Оговорил я Иренку, ей-богу, оговорил. Чего я только ни наболтал, чтобы объяснить, почему мы расстались, хотя достаточно было сказать, что я познакомился с Эвой. Правда, не могу утверждать, что между Эвой и мной сразу же возникло нечто сильное и прочное, конечно, нет, все развивалось постепенно, как это обычно бывает; одни отношения ослабевают, другие зарождаются, человек даже не замечает решающего момента, хотя задним числом рассуждает о нем с умным видом. Часто такого решающего момента и вовсе нет. Достаточно и того, что я уже не бегал с Иренкиной скрипкой, вместо меня бегал кто-то другой, а я ему, наверное, немного завидовал. Что тут такого? Почему бы в этом не сознаться? Я смеюсь над Иренкой, но при этом смеюсь и над самим собой, ведь все, что с ней связано, в том числе все смешные и наивные истории, которые я сегодня вспоминаю, а порой кажется, что и придумываю, хотя, может, они и случились только для того, чтобы сегодня я вплел их в свое повествование — все это было мне близко, принадлежало мне так же, как и ей. Мой тогдашний смех был не таким, как сейчас, в нем ощущалась радость, радость от того, что какая-то девушка, которой я небезразличен, колотит меня кулаком по спине или кончиком смычка тюкает меня по голове и говорит: «Прекрати смеяться!» И я мог радоваться уже тому, что не смеюсь. Разве этого недостаточно? Если я и был наивным, то не стыжусь в этом признаться.

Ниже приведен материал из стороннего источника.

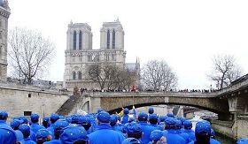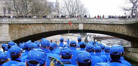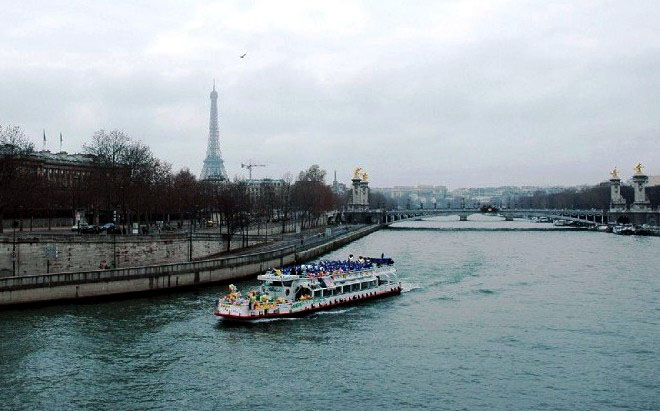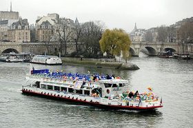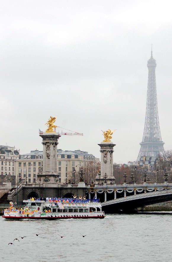 ![]() 欧洲天国乐团乘坐的游船从巴黎新桥码头启航 |
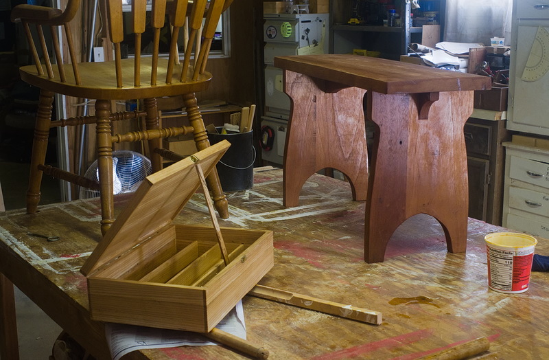 We recently completed four stepstools. Joe can find a place for three of them and I took one home, put the last two coats of finish on it, and plan to keep it. These are valuable to have because they keep you from doing stupid things like standing on a chair to reach a high shelf.
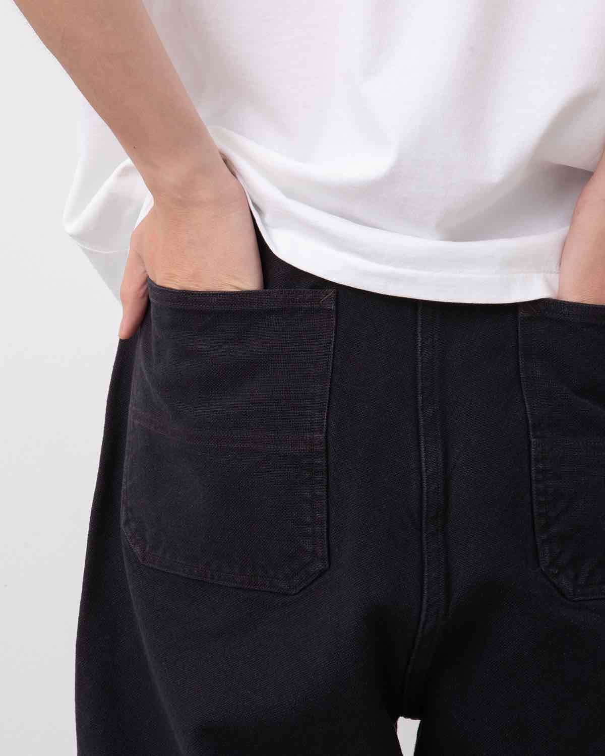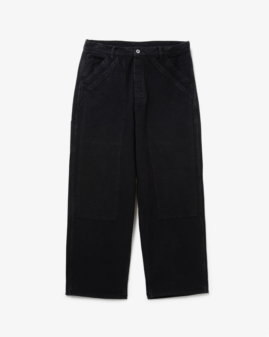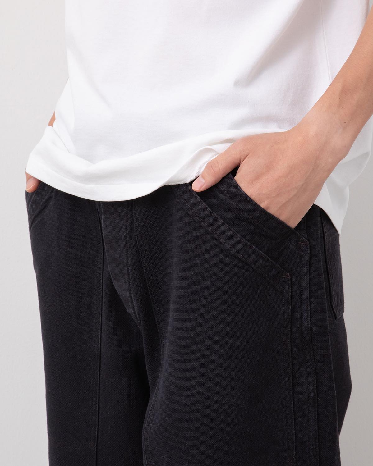 The VINTAGE SILK HEMP DOUBLE KNEE PANTS blend silk, cotton, and hemp for firm yet soft fabric, with a wide fit and unique connected knee patches and double waist pockets.
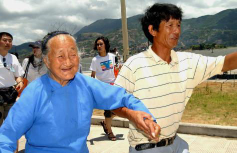 2003年7月22日,在马祖探亲的福建省连江县83岁的张水金老人(左)和儿子(右)乘坐“闽珠二号”海上直航客轮回到福州马尾。新华社记者 张国俊 摄
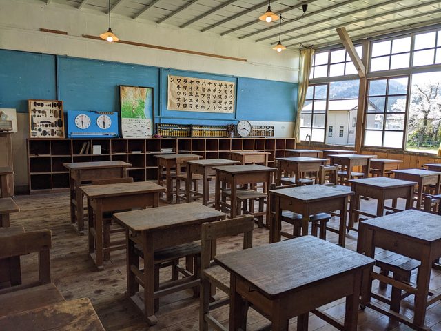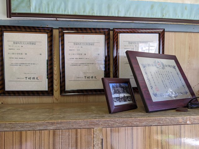 遊記日期:2024.4.13 (六) 舊上岡小學校 位於茨城縣大子町 可從常陸大子JR站附近的觀光中心租借腳踏車前往 只有假日才有開放校舍內部 免費入場 是一些日劇和動畫的取景地 可隨意捐款幫助維護校舍 現場有志工幫忙導覽解說 全部是木造的校舍 1879年創立 2001年閉校 也有一百多年的歷史了 中午去人還不多 可以好好地拍到校舍內的空景 感受安靜的氣氛 仿佛穿越時空的錯覺 好想再回到小學的生活啊! 這次來的時候剛好櫻花盛開 拍起來更好看 可惜這裡已經不存在少女與戰車的周邊痕跡了 只剩下建物背景 還有一些地方變成禁止進入了 只能從外面拍 已登錄有形文化財
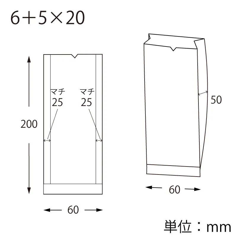 1個サイズ(入数)/寸法 | -/-/厚0.04×幅60/全体幅110×高200mm(マチ:50mm) |

Это был мир, в котором часто упоминалась Голландская школа, Мангейм, Вена, «Могучая кучка», знаменитый валторнист Пунто Штих, все крутилось вокруг Бетховена и Моцарта, залетал туда и Скрябин, но на него вешали ярлык метафизика и формалиста. «Русский и метафизик?» — недоумевал Иренкин отец. — «Интересно, что это у него за музыкальная метафизика!»